Benjamin Kaduk Former IESG member
No Objection
No Objection (2018-12-19 for -04) Sent
The nice tidy diff against RFC 7810 and description in Appendix A made this
document very easy to review; thank you!

That said, I think that there are some lingering factual errors that will
require some text changes; in particular, relating to the IANA
registrations.  E.g,. Section 2 shouldn't say "this document registers new
IS-IS TE sub-TLVs" and "this document registers several sub-TLVs", since
the sub-TLVs are not new.  Similarly, one could make a case that the IANA
considerations should request for IANA to update the registrations for the
indicated sub-TLVs to point to this document instead of RFC 7810.

(I'm still balloting No Objection and not Discuss, because I trust the
responsible AD to make the right thing happen.)
Deborah Brungard Former IESG member
No Objection
No Objection (for -03) Not sent

                            
Eric Rescorla Former IESG member
No Objection
No Objection (2018-12-20 for -04) Sent
Rich version of this review at:
https://mozphab-ietf.devsvcdev.mozaws.net/D5671


This seems like a straightforward document.

Looking at S 14, I see the following "The following people contributed
substantially to the content of this
document and should be considered co-authors". Is this just an
artifact of the 5 author limit?
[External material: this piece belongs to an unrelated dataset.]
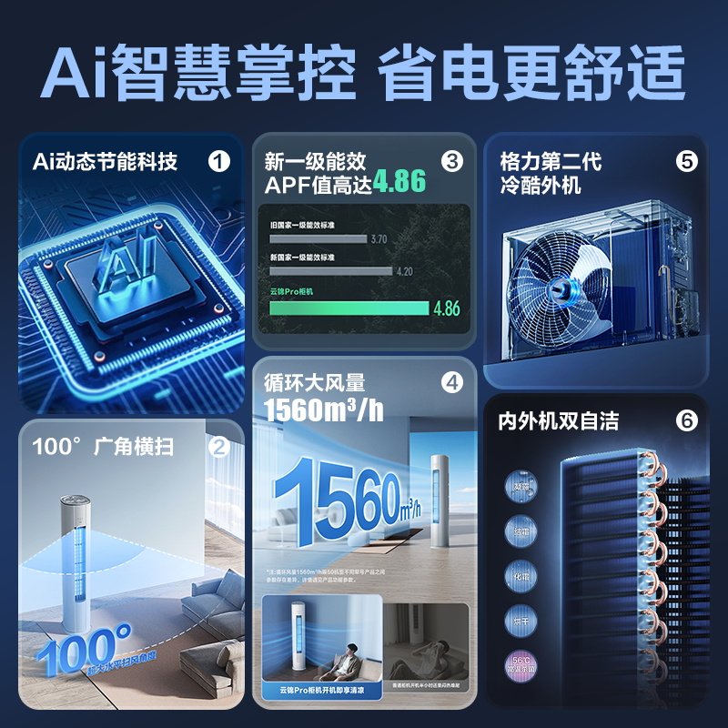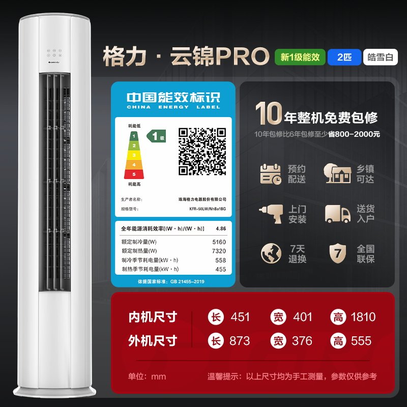 限时国补】格力空调官方家用立式柜机变频一级冷暖节能2匹云锦pro

Perhaps we should make an exception.







COMMENTS
S 4.1.
>   
>      A bit: The A bit represents the Anomalous (A) bit.  The A bit is set
>      when the measured value of this parameter exceeds its configured
>      maximum threshold.  The A bit is cleared when the measured value
>      falls below its configured reuse threshold.  If the A bit is clear,
>      the sub-TLV represents steady-state link performance.

Just to be clear, I have no way of knowing remotely what the threshold
is, right?


S 4.2.
>      value (in microseconds) over a configurable interval, encoded as an
>      integer value.
>   
>      Implementations MAY also permit the configuration of an offset value
>      (in microseconds) to be added to the measured delay value, to
>      facilitate the communication of operator-specific delay constraints.

I'm probably missing something, but I don't think I understand the
purpose of this. Would you mind adding a sentence or two about how you
would use this offset?


S 4.3.
>   
>      RESERVED: This field is reserved for future use.  It MUST be set to 0
>      when sent and MUST be ignored when received.
>   
>      Delay Variation: This 24-bit field carries the average link delay
>      variation over a configurable interval in microseconds, encoded as an

So the peer has no idea of what that interval is, right?
Ignas Bagdonas Former IESG member
No Objection
No Objection (for -04) Not sent

                            
Martin Vigoureux Former IESG member
No Objection
No Objection (for -04) Not sent

                            
Mirja Kühlewind Former IESG member
No Objection
No Objection (2018-12-14 for -03) Sent
Based on the TSV-ART review (Thanks Yoshi!) and the information provided in the shepherd write-up, I understand that this document intends to "fix" a specific errata. However, there are  IPPM RFCs for each of these metrics that provide further insights on how the calculate them correctly, e.g. rfc3393 IP Packet Delay Variation. I will not block publication on this doc but I would still welcome and recommend if the respective references could be added to provide at least some guidance instead of just declaring calculation out of scope.
Spencer Dawkins Former IESG member
No Objection
No Objection (for -03) Not sent

                            
Suresh Krishnan Former IESG member
No Objection
No Objection (2018-12-19 for -04) Sent
* Backward compatibility

There is text in Appendix A that provides guidance to implementers on how to handle TLVs with length 5 from RFC7810. I think this would be much more helpful inside the main body of the document. I was wondering how the backward compatibility was handled until I read through the Appendix that lists the *diffs*.